Im Soldatenleben scheint, von außen aus betrachtet, alles wie über einen Kamm geschoren. Aber nach innen gibt es die bunteste Mannigfaltigkeit der Charaktere, Sitten, Lebensweisen. Man hält diese gewaffneten, buntgeschmückten Menschen für mechanisch abgerichtete willenlose Wesen zum Verwechseln. In der Kaserne aber, im geheimen Getriebe des Dienstes treten alle Temperamente, alle moralischen Systeme in lebendigst nuancierten Exemplaren zum Vorschein. Geizhälse, Verschwender, Stoiker, Epikureer, Lustigmacher, Melancholiker, alles durcheinander.

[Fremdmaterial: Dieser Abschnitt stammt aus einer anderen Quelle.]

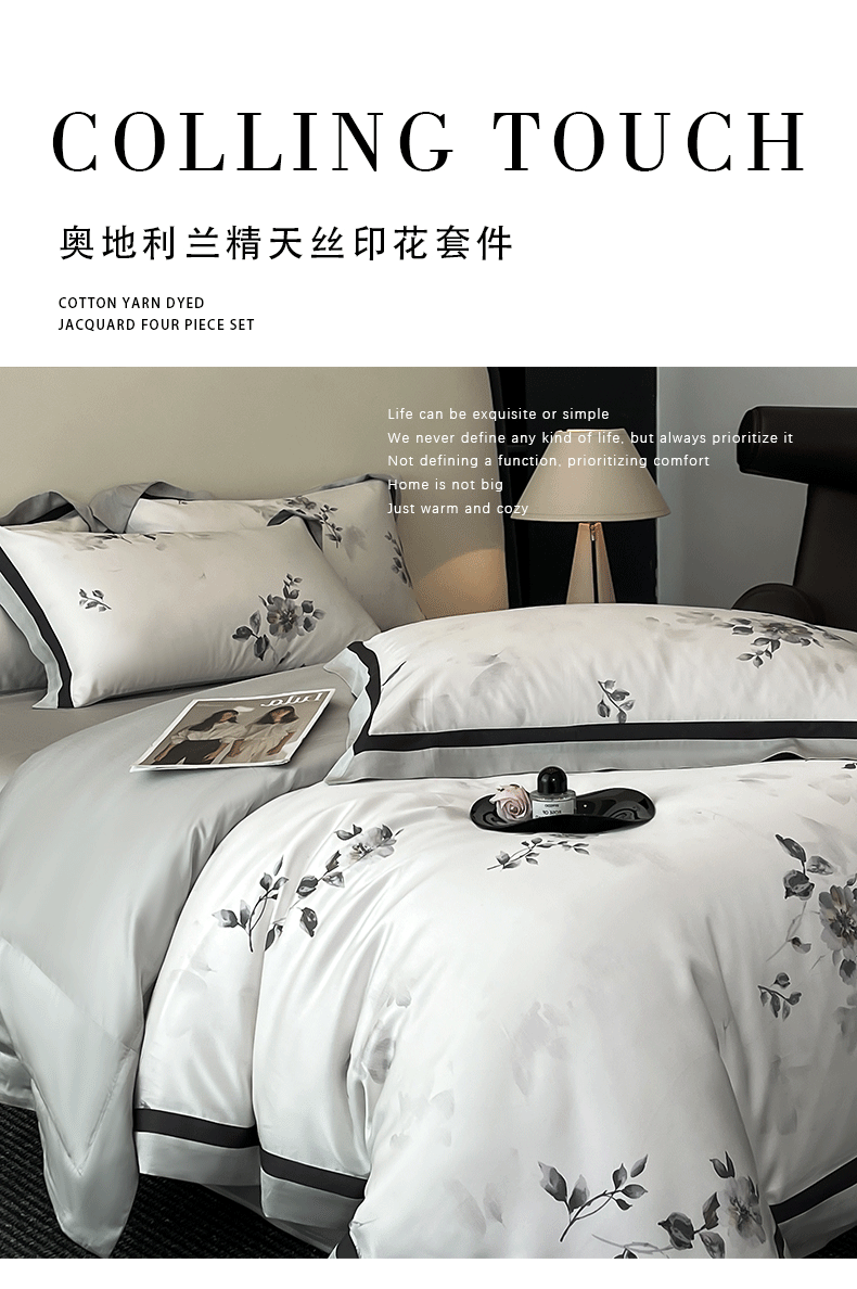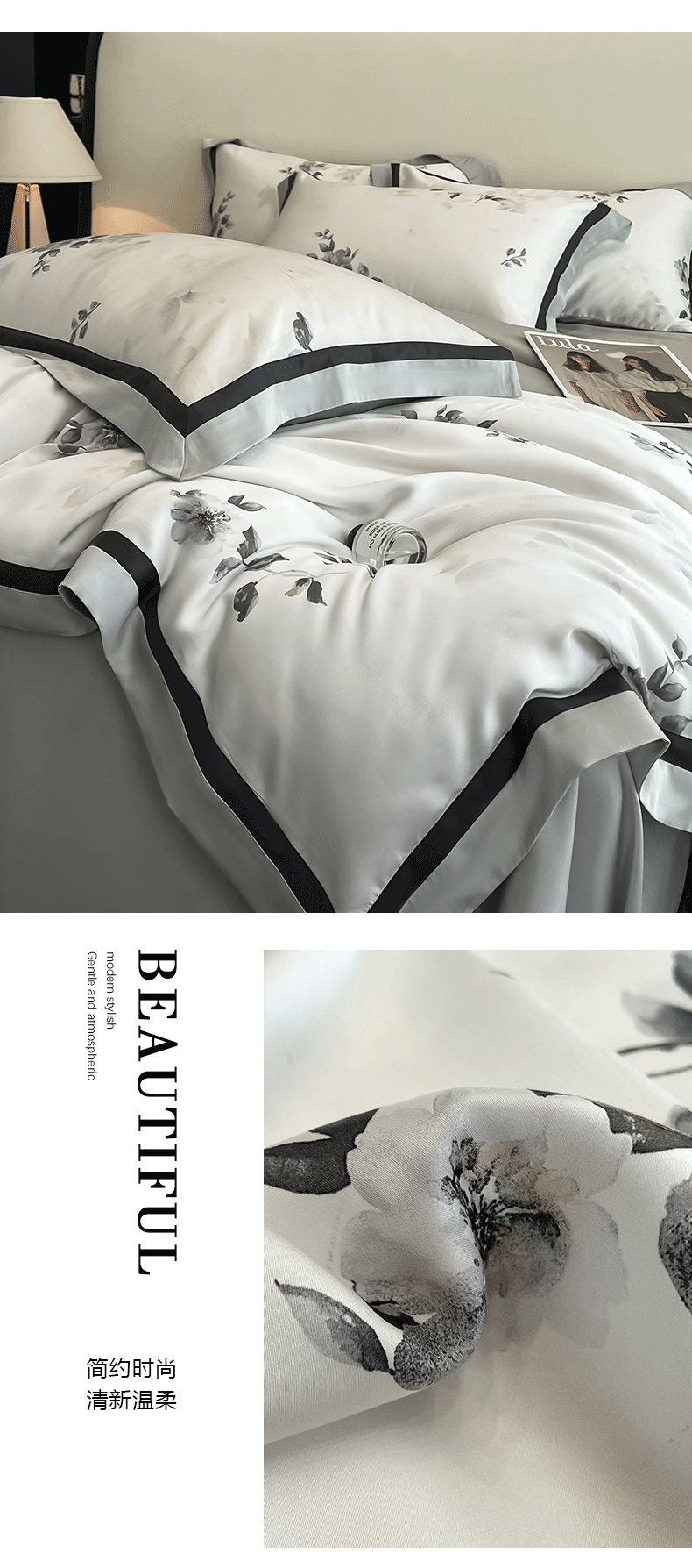 商品名称:618家纺 2025新款A类60S100支兰精天丝数码印花四件套 素瑾

Früh machte es dem Knaben einen eigenen Eindruck, zu wissen, daß dieser dort so steif und mechanisch marschierende Soldat gestern erst von einem Arrest aus der Lindenstraße gekommen war, jener hübsche Junge mit dem silbernen Portepee »keine Eltern hatte«, weil »sein Vater ein Prinz« sein sollte; jener Leutnant, der so heiter seinen Degen schwang, »voller Schulden steckte«; jener Kapitän, der so martialisch kommandierte, zu Hause »unter dem Pantoffel seiner Frau« stand; und jener Oberst zu Pferde gar, der den runden blitzenden Hut mit Federn trug, daheim ein Liebhaber der Hühnerzucht war, der türkischen Enten, der Tauben und der Pfauen. Das Negligé aller dieser so kerzengrad zusammenhaltenden Menschen gab von jedem ein anderes Bild als das, wie er jetzt exerzierte oder mit klingendem Spiel vorüberzog an seinem König, hinter dem man, an den Pfeilern des Opernhauses sich anklammernd und wie zur »Suite« gehörig, die Parade mit vorüberdefilieren ließ.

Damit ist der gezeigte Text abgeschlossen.